People in aviation become enraged and feel betrayed, when their religion
lets them down. You're simply never supposed to lose all your engines in
a large aircraft. When it does, it's a historical event (eg Al Haynes). That
anger can be re-directed to unsurprising places.

Remember the guy who lost both engines at LHR because of the design
problem of the Boeing fuel de-icers? He was blued, screwed and tatooed by
the airline. He didn't follow the checklist, and in the spur of the moment raised
the flaps from 35 to 25 which people months later figured out, stopped him from
landing short into some bad stuff. That poor guy did everything perfectly, but both
engines failed, so they fucked him really bad. Had to have a scapegoat.

I'm pretty sure the NTSB was not happy with Scully. I am certain that in the
accident report, I read that they shit on him for incomplete/incorrect
checklist completion, before his water landing. He was flying the airplane
instead of doing the stupid fucking paperwork, unlike T4810. Bad Sully.

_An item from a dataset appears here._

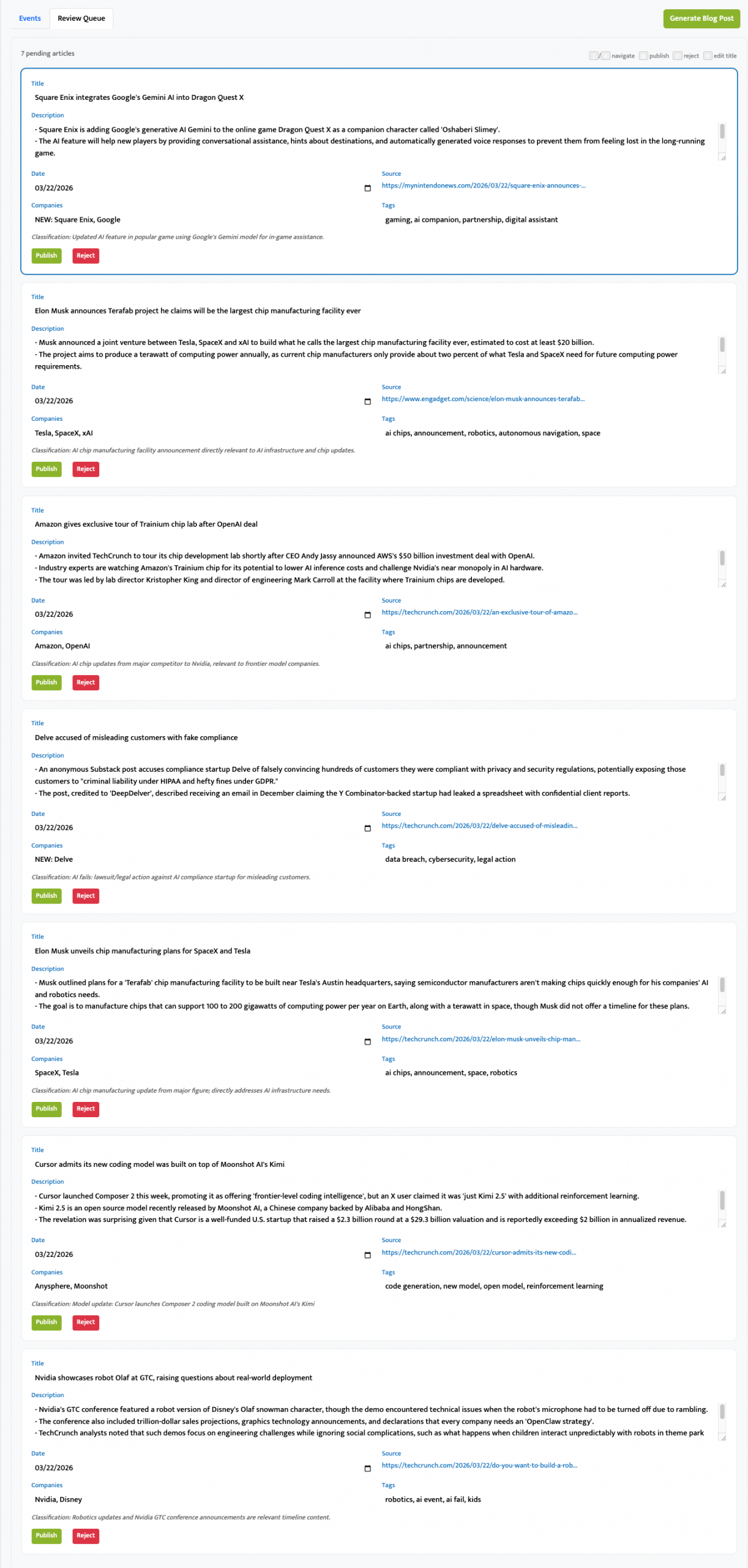 • I have 170 tags to choose from and canonical company names, so I’d need to be able to edit everything before anything goes live.

They fucked Pearson pretty bad too, for the Gimli Glider. Yeah, I know he's
not perfect like a 21st century Canadian pilot, but he did the best he could.
Probably better than I could have. Pearson was again handed a broken
fucking airplane - no fucking fuel gauges, you believe that? - and was then
told to additionally implement Trudeau's metric system, but no one ever
remembers that maintenance fuckup, either, compounded by stupid fucking
politics.

Bureaucrats will tell you that their paperwork is more important than flying
the airplane, but evidence would suggest otherwise. Look at that decaying
airspeed and altitude on the T4810 ADS-B data.

EDIT

I'm spotting a pattern here. Dick Piche - hated. Captain Pearson - hated.
LHR Boeing guy - hated.

Al Haynes - adored. Sully - hero (despite not following the checklist).

Why do you Canadians hate so much? Is it some British class thing? When
someone does something well, do they threaten the order of society?

This is a rhetorical question. And an interesting one, IMHO.

Remember the JTF guy that took the long shot a few years back? He was
hated in Canada. If he was an American, they would have given him a medal
and made a movie out of life story.

Lots of evidence of hate and envy in Canada, isn't there? Why all the hate and envy?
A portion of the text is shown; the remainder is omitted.